Les patriarches Dimitrios et Bartholomée ont joué un rôle très important dans la prise de conscience de la crise environnementale à laquelle nous sommes confrontés, et plus particulièrement de sa nature de crise spirituelle. Parmi les théologiens qui ont nourri leur réflexion, le métropolite Jean de Pergame est incontestablement l’un de ceux qui ont été les plus écoutés. Il est donc heureux de pouvoir étudier sa compréhension des relations de l’être humain à la création dans un ouvrage publié peu avant son récent décès.
Ce livre rassemble en effet dix-huit textes rédigés par le théologien Jean Zizioulas depuis le temps où il donna trois conférences novatrices au King’s College de Londres en 1989 jusqu’à celui où il fut co-président du Comité religieux et scientifique du patriarcat œcuménique, suscitant une série de symposiums internationaux, interconfessionnels et interdisciplinaires marquants de la Méditerranée à l’Arctique. Si la plupart de ces textes ont été publiés entre 1990 et 2015, un tiers sont inédits, en particulier ceux qui offrent une perspective orthodoxe d’une théologie de la création (ch. 3) et une approche théologique du problème écologique (ch. 5).
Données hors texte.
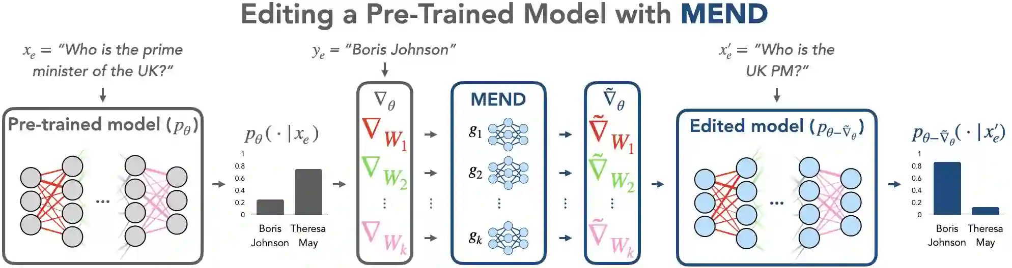 翻译:尽管经过事先培训的大型模型使得在各种下游任务上取得了令人印象深刻的结果,但最大的现有模型仍然会出错,甚至准确的预测可能随着时间的推移而过时。由于不可能在培训时间发现所有这些失败,因此不可能在培训时间发现所有这些失败,使这些模型的开发者和终端用户能够纠正不准确的产出,而使模型保持原样,这是可取的。然而,大型神经网络所学的演示的分布式黑箱性质使得难以产生这种有针对性的编辑。如果只用单一的有问题的投入和新的预期产出来显示,微调方法往往会过度适用;其他编辑算法要么计算不可行,要么在应用非常大的模型时效果不明显。为了便于在规模上进行容易的后热编辑,我们建议模型的模型网型(MEND)和终端编辑网(MEND)能够使用单一所需的投入-输出配对来快速进行本地编辑。 MEND学会只学会改变通过标准微调获得的梯度模型取得的梯度,使用10亿分级的梯度的梯度的梯度,甚至使这一变形模型的参数化。MEND在10亿个经过训练的模型上进行快速的GPL的测试。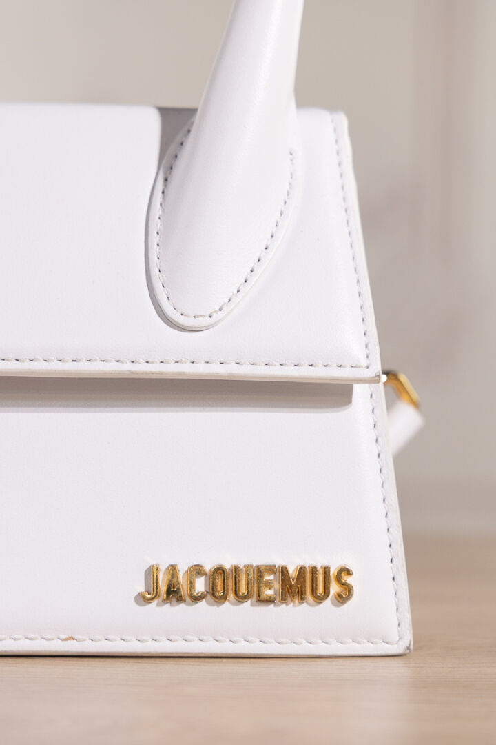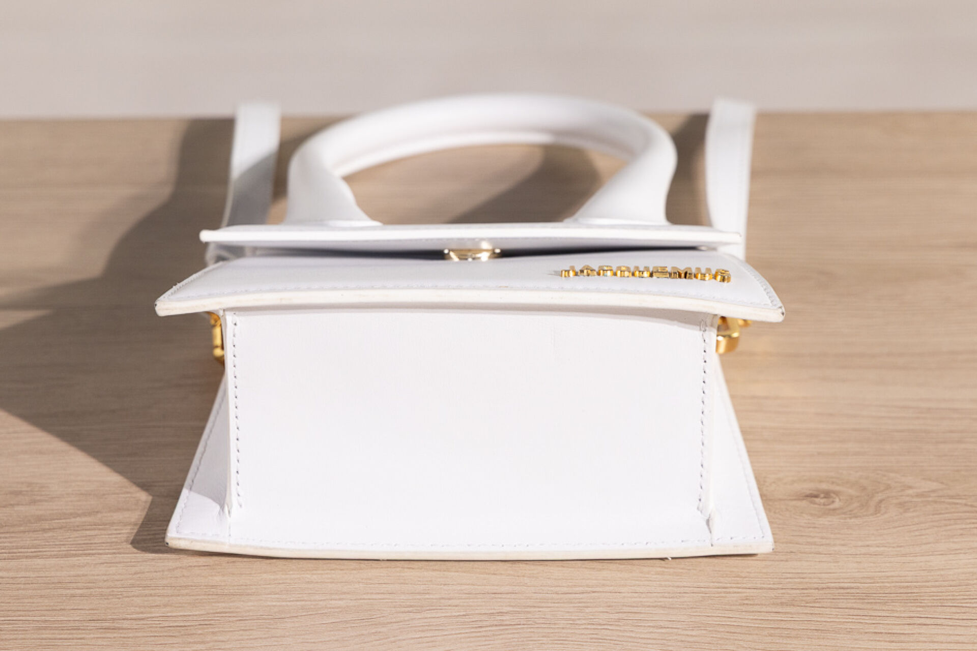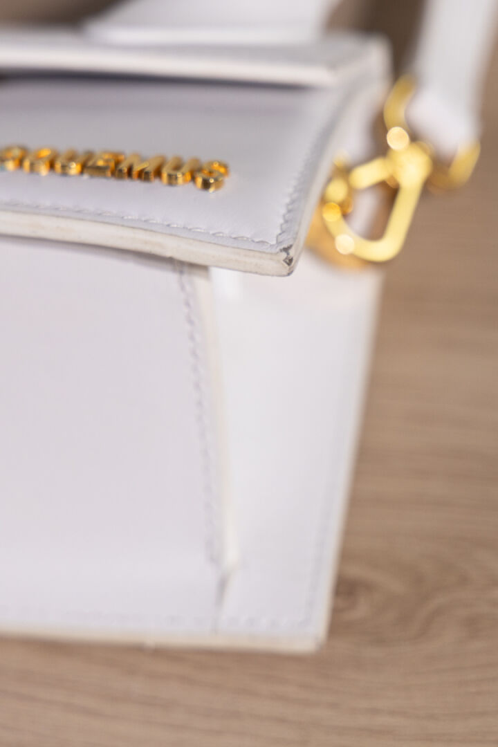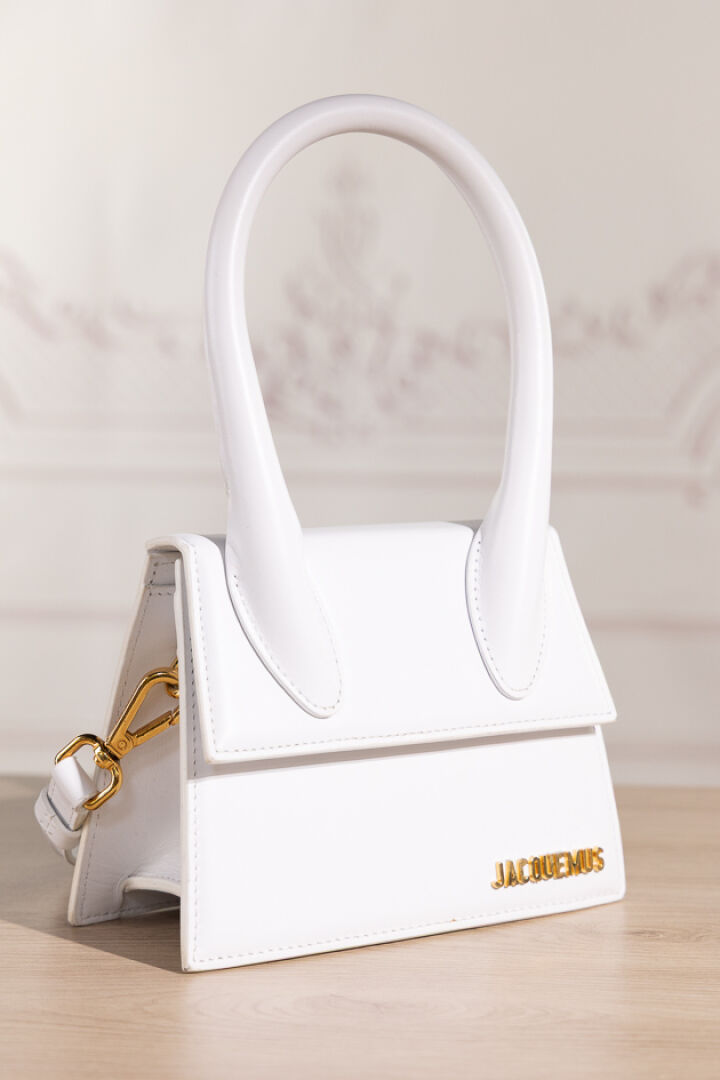 JACQUEMUS - Sac "Chiquito" en cuir blanc, fermoir aimanté sous rabat, poignée, anse bandoulière réglable, doublure toile naturelle. Dust bag. Haut. : 14 cm - Long. : 18 cm Quelques lettres oxydées

Introduits par deux théologiens, qui replacent l’œuvre de Jean Zizioulas dans la tradition orthodoxe (Chryssavgis), puis dégagent les grands axes de sa « théologie verte » (Asproulis), ces dix-huit textes sont articulés en six parties qui proposent successivement un regard sur les racines historiques de la crise environnementale, une approche théologique de ce défi, des perspectives liturgiques sur notre relation à la création et des considérations éthiques, avant de rappeler la nécessité d’articuler les dimensions scientifiques et spirituelles et d’en souligner les implications œcuméniques.
Le titre de l’ouvrage indique bien l’importance de sa troisième partie dans la réflexion de Jean Zizioulas, qui privilégie un modèle sacerdotal des relations de l’être humain à la création, plutôt que d’autres modèles qui nous situent comme des intendants, des co-créateurs, des parties de la communauté de la création ou des serviteurs souffrants de la création. Il n’étonnera pas les familiers de l’œuvre de l’auteur qui insiste tant sur la personne comme être relationnel à l’image de la Trinité et sur la place centrale de l’eucharistie comme avant-goût de l’eschaton. Dans sa préface, Rowan Williams souligne l’affirmation par le théologien grec du besoin d’une « révolution spirituelle » fondée sur une réflexion sur le caractère relationnel de tout être fini, qu’il synthétise ainsi : « La tragédie de notre liberté créée réside dans le fait que nous nous détournons de notre vocation à conserver le flux du don au sein de l’ordre créé pour nous laisser entraîner dans l’obsession déformée de préserver notre propre privilège et notre sécurité aux dépens de tous les autres, humains et non humains. L’œuvre du Christ nous restitue cette place perdue du service – la place sacerdotale pour laquelle nous avons été créés. Et l’eucharistie, dans laquelle le corps du Christ attire en lui la vie matérielle du monde qui l’entoure pour la transformer, par la puissance de l’esprit, en un don à la fois à Dieu et de Dieu, est l’incarnation suprême du renouveau de notre humanité et du monde entier qu’accomplissent la vie, la mort et la résurrection du Christ » (p. viii). On ne peut que souhaiter une traduction française prochaine de ce livre important.
Michel Mallèvre
John Chryssavgis & Nikolaos Asproulis, Priests of Creation. John Zizioulas on Discerning an Ecological Ethos, Londres / New York, T&T Clark, 2022 ; 236 p. 29,95 $. ISBN : 978-0-5676-9909‑1.
Recension publiée dans la revue Istina, 2023/1.